Warm Turmeric Milk
Eat more turmeric they say. It’s good for you they say. It’s anti-inflammatory, anti-oxidant, and anti-cancer. It’s GOOD for you. Well, it seemed to me there were only so many ways one could eat turmeric. Then I came across a recipe for turmeric tea and fell in love with it all over again. I took the recipe and made my own version, as follows. If drinking it isn’t your favorite, you can always supplement with turmeric also.
1/4 C. turmeric powder
1/2 tsp. ground pepper (this helps increase absorption of the turmeric in the body)
1/4 tsp. ground nutmeg
1/4 tsp. ground cinnamon
1/4 tsp. ground cloves
1/2 C. water
( I personally increase the amount of these spices for myself because I like it really spicy, but this is a good base amount to start with. You can adjust it to your liking from there.)
In a small saucepan, mix all ingredients over medium heat stirring constantly until a thick paste forms. Remove from heat and place in a small container. This is going to be your base that you will use to make your tea from. It will keep for a couple of weeks in the fridge.
To make Turmeric Milk
In a small saucepan, combine; 8 oz of whole milk or milk alternative, 1/2 tsp or more of turmeric paste. (I like it stronger, so I use 2-3 tsp.), 1/2 to 1 Tbsp coconut oil, Maple syrup to taste ( I usually just add this after it’s warmed up.
I also like to add 1 Tbsp Great Lakes Collagen Hydrolysate which is water soluble protein that is easily assimilated in the body and won’t clump.

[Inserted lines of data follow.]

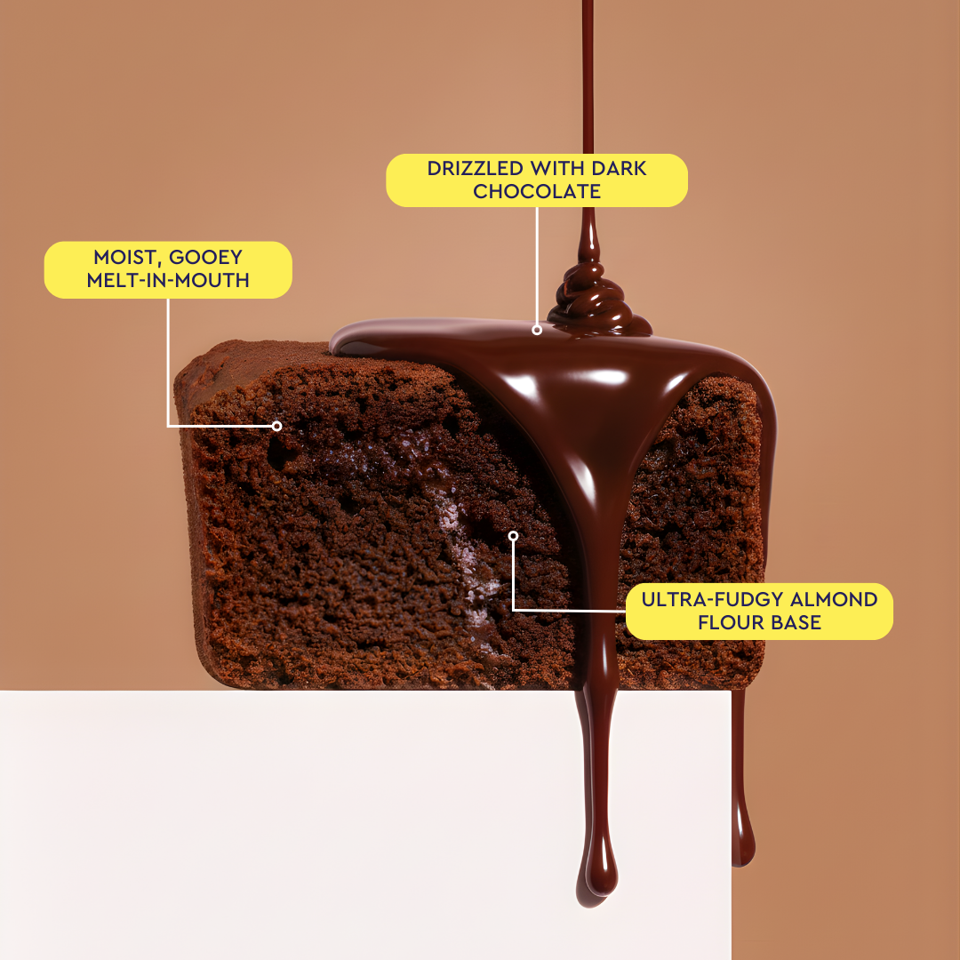 A Classic eggless chocolate brownie made with almond flour, dark chocolate, cocoa solids that is so gooey and rich that it instantly melts in your mouth and makes you think is that really healthy? It is actually Guilt Free with 7gms of protein per 50gm.
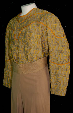 Description: A costume featured in the Star Trek: Voyager episode "Hope and Fear" for wear by Ray Wise in his role as "Arturis", an alien who convinces the crew of “Voyager” to believe that Starfleet has sent a newer, faster ship to get them home. The costume is a long sleeve olive shirt with intricate yellow brocade, zipper up the back, khaki corduroy pants, and a tan leather belt. Costumer's tag reads '194 Hope and Fear Voyager, Arturis, Ray Wise'. Wise also appeared in the hit television series “Twin Peaks”.
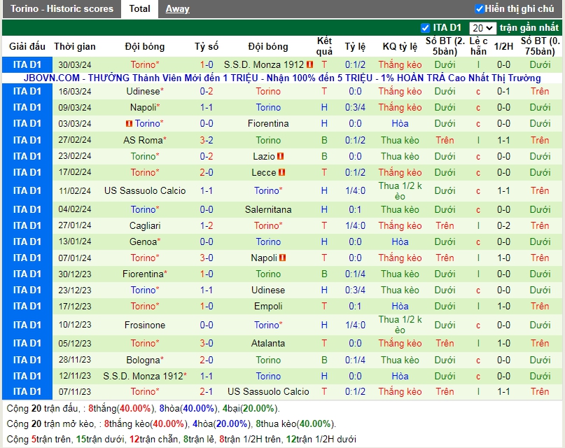 Kèo châu Âu cũng đang là sự ưu thế nhỏ cho các vị khách khi mức ăn của Torino đang là 2.21 trong khi đó con số này của Empoli đã là 3.40. Nhìn chung việc đang áp đảo trên các phương diện đội hình lẫn phong độ thi đấu sẽ tạo ra một đà tâm lý rất tốt để Torino hoàn toàn có thể làm chủ được trận đấu sắp tới. Sẽ là một kèo đấu mà Torino được kì vọng sẽ có thể dễ dàng có được 3 điểm trước Empoli .
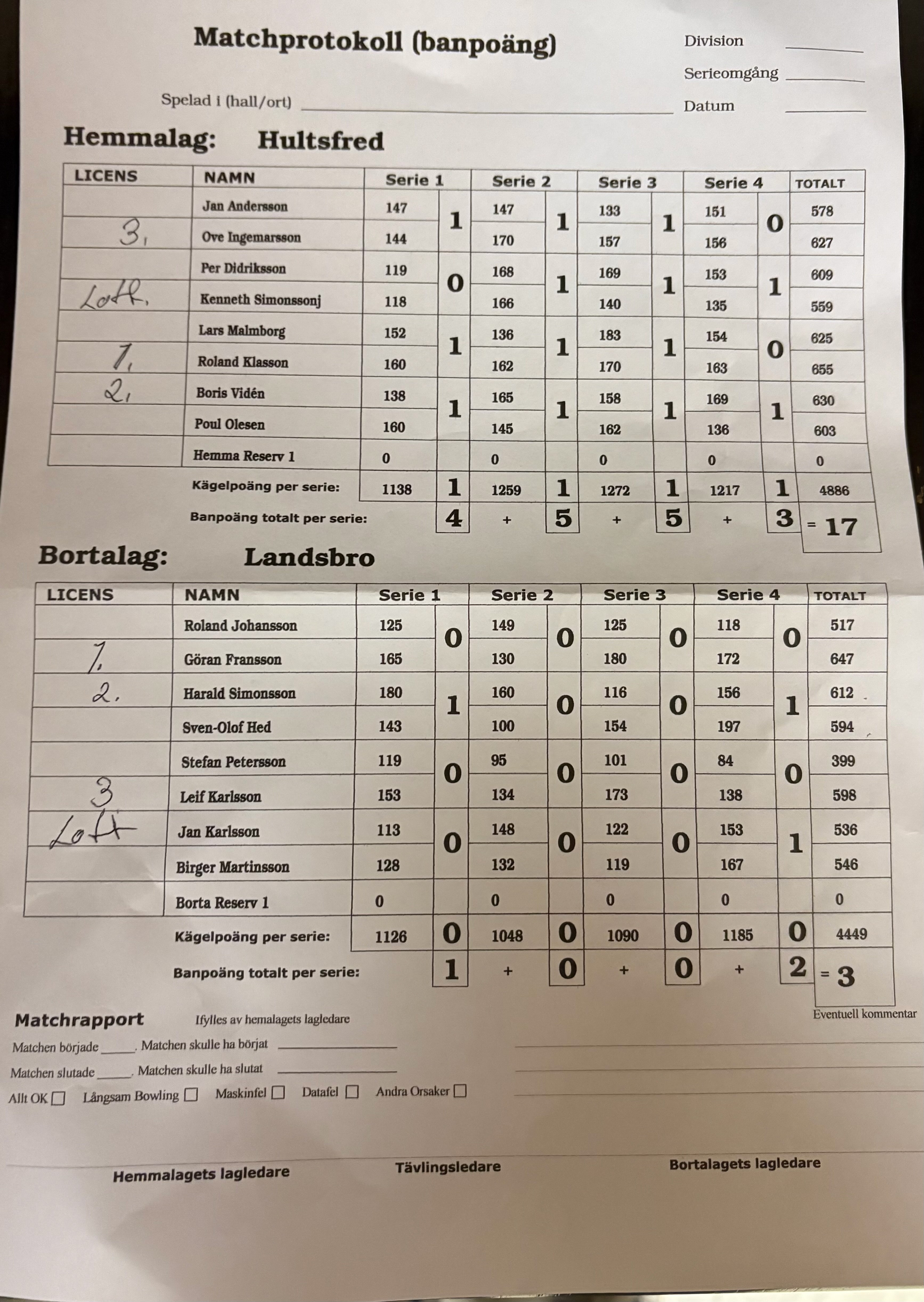 Bäst bland herrarna i Landsbro var åldermannen Göran Fransson 647 poäng och bäst i Hultsfred var Roland Klasson 655 poäng.
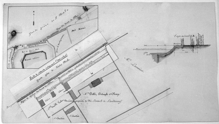 Plan général de la digue des Dunes, suite à la demande de M. Dobbé, 1875.Immatriculation
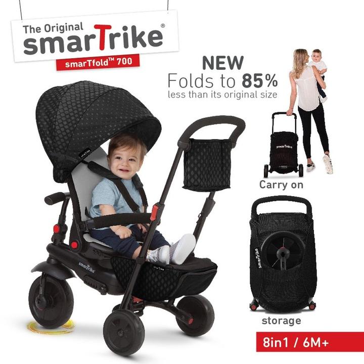 Smart Trike predstavuje revolučnú novinku - plne sklápaciu trojkolku s otočným sedadlom o 180 stupňov - smerom k rodičom alebo dopredu. Je určená pre jednoduché skladanie a kompaktné skladovanie. Žiadna komplikácia - nie sú potrebné žiadne nástroje. Žiadna demontáž. Len pár kliknutí. Skvelá na cestovanie - jednoducho ju dáte do auta i na palubu lietadla. SMART TRIKE je celosvetovo najpredávanejšia a naviac oceňovaná značka detských trojkoliek.
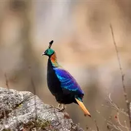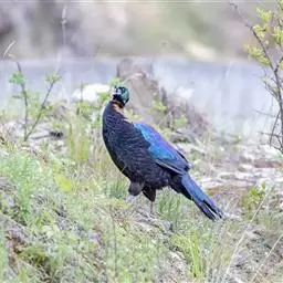 黑长尾雉大型鸡类,体长53~88厘米。雄较雌大。雄鸟通体紫蓝色,脸鲜红色,翅上有一条显著的白色翅斑…
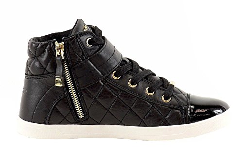 Product Description Quilted leather DKNY sneakers balance a casual silhouette with polished hardware. Patent cap toe. Velcro® strap over lace-up closure. Exposed side zip. 0
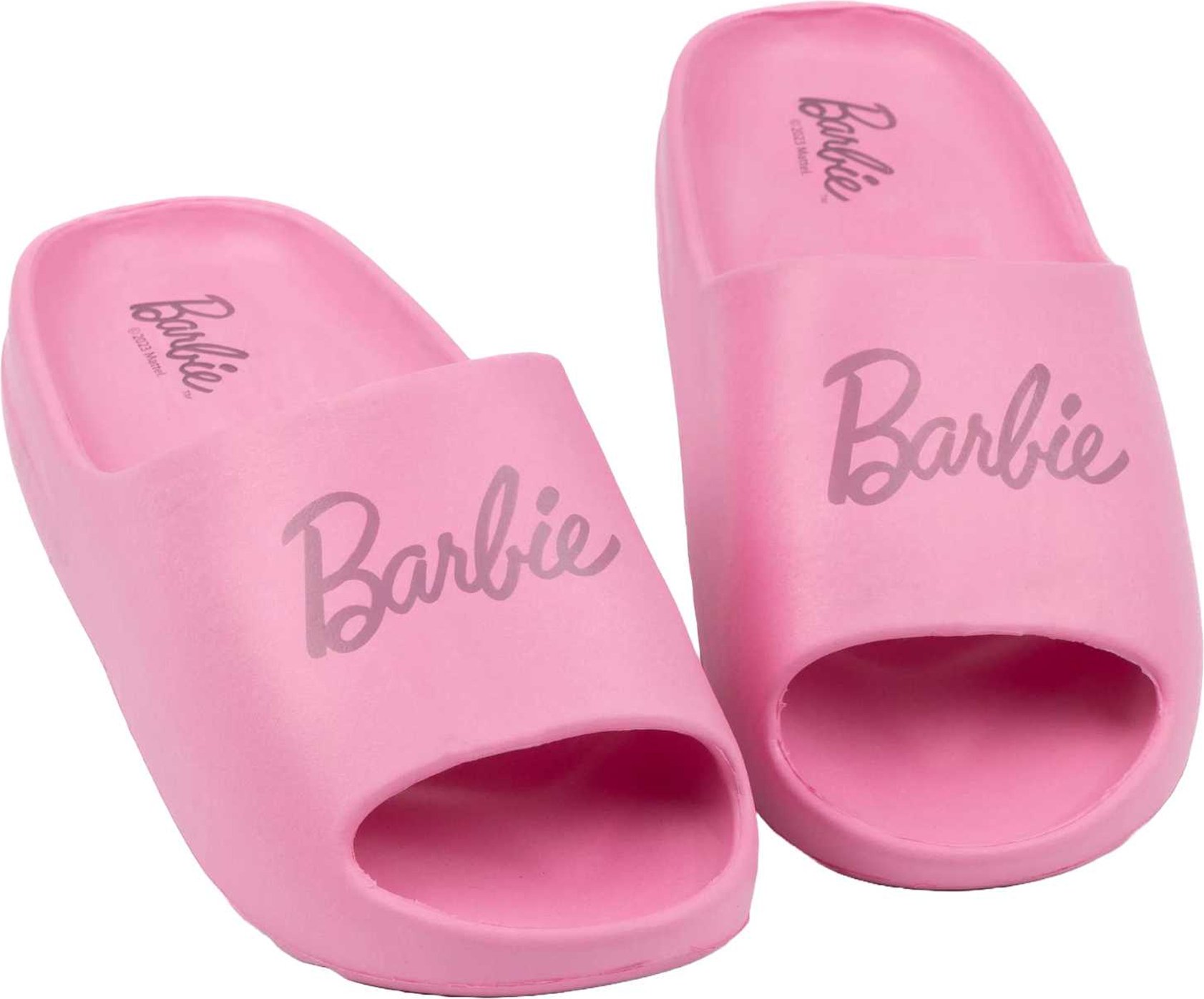 Barbie Sliders Femme | Sandales avec logo de poupée emblématique rose pour dames | Beachwear Maillot de bain Chaussures d’été Chaussures
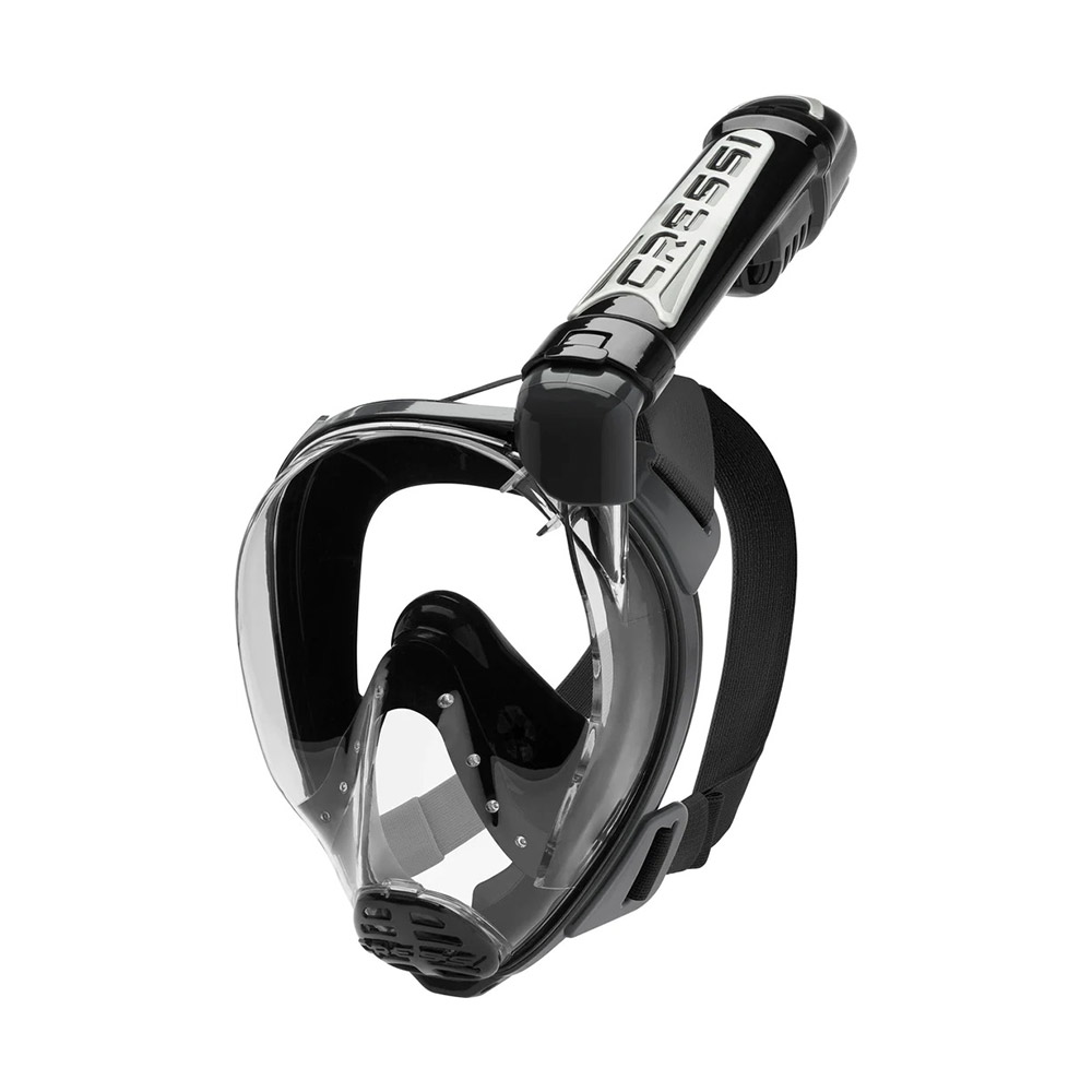 Full face μάσκα της Cressi που σας επιτρέπει να εξερευνήσετε υποβρύχιο κόσμο από την επιφάνεια. Έχει οπτικό πεδίο 30% περισσότερο από τις υπολοιπες της αγοράς. Διαθέτει φούστα προσώπου από μαλακή υποαλλεργική σιλικόνη, πλαίσιο & φακό από πολυανθρακικό και δύο X-Cross ιμάντες κεφαλής για εύκολη προσαρμογή για τέλεια προσαρμογή στο κεφάλι. Η Cressi έχει τον αναπνευστήρα στο πλάι για ευκολότερη αναπνοή και γρηγορότερη διαφυγή του διοξειδίου. Δεν θολώνει. Το μέγεθος S/M είναι για γυναικεία πρόσωπα, ενώ το M/L για αντρικά πρόσωπα.

It is good for bones, joints, hair growth, and cell regeneration. Like the turmeric, it’s GOOD for you.
Heat until warm, but do not boil. Serve immediately.
*Note that there are some contraindications with consuming larger amounts of turmeric, like in pregnancy, or with certain medications, like anticoagulants. Herbs can definitely be medicinal, so please be aware when consuming them if you have a health condition or are on medications.